Q. what has 2 legs and can't walk A. a paraplegic

Why did the monkey fall out of the tree? It was dead.

roses are black, violets are black, im sleeping

Knock Knock Whos there? Its dad mom died....

A Horse walks into a bar. Everyone dies

How come the twin boys wanted to climb a tree for fun today? Because They both wanted to commit suicide...

im dylan, i wank over teabaging people on cod

yo momma is so tall shes tall

When life gives you lemons, make lemonade.

Jesus Christ walks into a Hotel.. he hands the Inn keeper 3 nails and says " Hey..can you put me UP for the night?"

What does a tree do all day? Boredom

hi

There are four worms moving in a straight line, one in front of the other. The first worm says, "Hey, there's a worm walking behind me!" The second worm says, "Hey, there's a worm walking behind me, too!" The third worm says, "Hey, there's a worm walking behind me, too!" The third worm says, "Hey, there's a worm walking behind me, too!" How can this be? ...the fourth worm lied.

N****R = nice israeli girl great education rich

what do you call a jewish ladies boob? a joob

What do you call a teacher that gets wasted? A wasted teacher.

A dog walks into a bar and falls on his butt beacause dogs cant walk.

Water, please.

An Englishman, an Irishman and a Scotsman all walked into a bar. But, the bartender was not happy, as he had noticed that each of them were wearing tops with rude slogans on them. The Bartender said to the Englishman, "you do know that your t-shirt isn't suitable for the children in here, don't you?" "Oh," said the Englishman, "I'm sorry, I'll go home to change it at once." Next, came the Irishman, who's top was slightly worse than the Englishman's. The bartender said to the Irishman, "you do know that the joke on your jumper is sexist, don't you?" "Oh," said the Irishman, "I'm sorry, I'll go home and change it at once." Last, was the Scotsman. The Scotsman's top was particularly bad, and the bartender especially did not want this top to be seen in his bar. So, the bartender said to the Scotsman, "you do know that the slogan on your cardigan is racist, don't you?" "Oh," said the scotsman, "I'll go home and change it at once."
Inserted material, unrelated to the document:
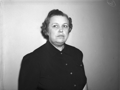 Members of 17 subordinate and 13 Tarrant County Rebekah lodges will hold their two-day annual Odd Fellow Rebekah convention at Lodge 251. The prevailing custom of having a member of the International Order of Odd Fellows and the Rebekah Assembly alternate as president of the Tarrant Association will give Mrs. W. C. Clarck the presidency. Mrs. W. C. Clark, new president of the Odd Fellows Rebekah Session, is a member of South Slide Rebekah Lodge 49. She is shown standing against a blank wall, wearing a dark dress. Published in the Fort Worth Star-Telegram morning edition, October 18, 1940.

Why is the child screaming? Because he just woke up from a bad dream.

What's the difference between a bunch of slaves and a porsche? A: i don't have porsche in my basement

What did one lawyer say to the other lawyer? Horse semen

World Of Warcraft

What's big, red and looks like a bucket? A small blue bucket labeled big red bucket.

Anti Joke

What are Antijokes? Anti Jokes (or Anti Humor) is a type of comedy in which the uses is set up to expect a typical joke setup however the joke ends with such anticlimax that it becomes funny in its own right. The lack of punchline is the punchline.

Our Updated iOS App!

We've just released huge update to the iOS app! Now, access all your favorite text and photo sites like Anti-Joke, DIYLOL! A few things didn't make the original cut (like comments) but they'll be back soon. Best of all, the app is now FREE! Get it here.

The Anti Joke Book


NEW ANTI-JOKE BOOK!  Now that we've resolved the printing issues with our publisher, check out the BRAND SPANKING NEW Anti-Joke Book!

MOAR??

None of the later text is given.